Time, then, to stand with Catherine MacKinnon. Whatever anyone thinks of her, the stark reality is that the vast majority of people who work as prostitutes are women - an estimated 90% in most countries. If, therefore, prostitution is a choice, and is as harmless as ethical scholars like Ole Martin Moen submit, then why aren't more men doing it?

Catherine MacKinnon has the answer. It is because prostitution is widely recognised as a form of sexual exploitation that violates fundamental human rights. It is because specialist international studies (e.g. Farley 2003) shows that most prostitutes suffer severe violence, including sexual assault and rape – often on a repeat basis. It is because in Europe, for instance, at least 1 in 7 prostitutes are victims of trafficking. It is because a large proportion (68%) of prostitutes suffer from PTSD, with a level of severity comparable to that experienced by Vietnam War veterans, as well as psychological dissociation (Farley, 2003). It is also because, for most women, prostitution is entered into as a last resort and is such a negative experience that they would prefer to escape it if they could (Farley 2003).

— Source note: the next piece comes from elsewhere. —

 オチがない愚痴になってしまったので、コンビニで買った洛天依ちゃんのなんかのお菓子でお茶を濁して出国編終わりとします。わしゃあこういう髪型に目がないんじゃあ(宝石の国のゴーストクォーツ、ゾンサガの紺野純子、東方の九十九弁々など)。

Given these findings, only a fool or a fraud could seriously argue that legalisation would help eliminate abuse of non-adults and women. But then again, how do we answer the Kendra Wilkinsons of this world who believe that prostitution should be seen as a consensual activity? Yet again, the bulk of the evidence supports the Catherine MacKinnon position. Case after case and independent study after independent study (Orr 2001, Farley 2003, Brennan 2004) reveals that most sex workers enter the industry as a survival strategy.

In short, rather than consenting, it seems that the bulk of women are forced to prostitute themselves out of desperation. Hence, it is difficult to disagree with the Catherine McKinnon view that "the money coerces the consent, rather than guaranteeing it". It therefore genuinely does represent, as she argues, a practice, by-in-large, of "serial rape."

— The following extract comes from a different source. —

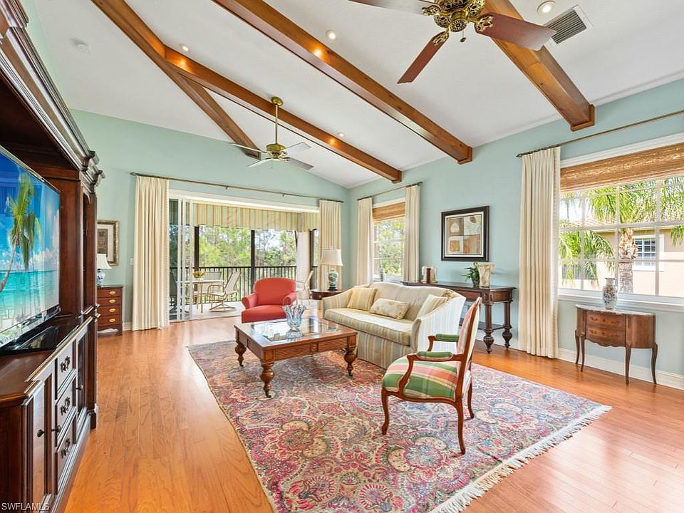 C9456 - Elegant, updated and spacious second floor condo home boasting it’s own private elevator. The updated kitchen features plenty of cabinet space, meal prep areas and a large pantry. The primary bathroom has been updated. There is custom shelving in the owners closet. Classic rich wood beams draw your eye up to the vaulted ceiling in the main living space. The view is beautiful, tranquil and offers diffused late day sun out of the West. Turnberry Woods was the last condo neighborhood constructed in The Strand and uniquely offers a natural pleasant setting with buildings on only one side of the street. Makes it easy to get in and out of your driveway! Enjoy a friendly, active country club lifestyle, complete with 3 beautifully maintained 9 hole golf courses, tennis, pickleball, fitness center, and an impressive pool with lap lanes. There are newer bocce courts, as well as a recently added croquet center, Island Bar and the all new Tavern 59 for residents to enjoy. Located within a short drive of many dining and shopping conveniences, and the sugar-sand beaches on the Gulf.

MacKinnon has attracted an abundance of criticism for her radical feminist stances on issues like prostitution. Yet the more I look around, and the more I research the subject, the more I realise that voiceless and exploited women and prostitutes really need people like her. They need her and people to persistently challenge the public defenders of the 'money for sex industry'. They need people like her to remind us how much prostitution reduces women to merchandise to be bought, sold and abused. Therefore, legalising it would reinforce their oppression by male-dominated societies and present a clear affront to the concept of gender equality. So, if viewing prostitution as a symbol of the disempowerment of women in a patriarchal society now makes me 'over the top', then I’ll take it.


3 comments:

  1. Great post, Aoife. I think a large criticism of the criminalization of prostitution is that it pushes the practice underground. Obviously, criminalizing prostitutes themselves is problematic because, as you said, many women who engage in the practice are survivors of abuse or have been pushed to their absolute economic limit. However, even criminalizing johns leads to secrecy that breeds even more danger for vulnerable women.

    I think the strongest argument for legalizing prostitution is to shine some sunlight on the industry, give it some semblance of regulation, and to protect women who are involved in the practice right now. At the same time, it could be taxed and maybe the proceeds could be directed towards programs that tackle the root problems leading women to enter the profession... or even to aid women who are looking to leave it.

    As an idealist, I wish that we lived in a society where women had the economic opportunities so that only those who truly desired to practice sex work became involved in the industry. However, the practical side of me says that prostitution has been around and will be around for a long time, and will always involve (to some extent) vulnerable and exploited populations... therefore society is better off recognizing that fact and protecting sex workers the way that workers in other industries are protected.

    That being said, I think there is some disingenuousness among many who espouse legalizing prostitution from a sex-positive or "women's empowerment" standpoint. Kendra Wilkinson had a solidly middle-class upbringing in San Diego, worked as a dental assistant and a model before living in the Playboy mansion, and is also a white woman. Her experiences with sex work are vastly different from those women who undertake the practice out of desperation or necessity, or those from different ethnic or class backgrounds. I think it's impossible to legitimately advocate for the legalization of prostitution without recognizing the wide range of experiences for sex workers and recognizing that the problems with the sex industry are real/pervasive and will not be corrected solely by market forces or garden-variety labor protections.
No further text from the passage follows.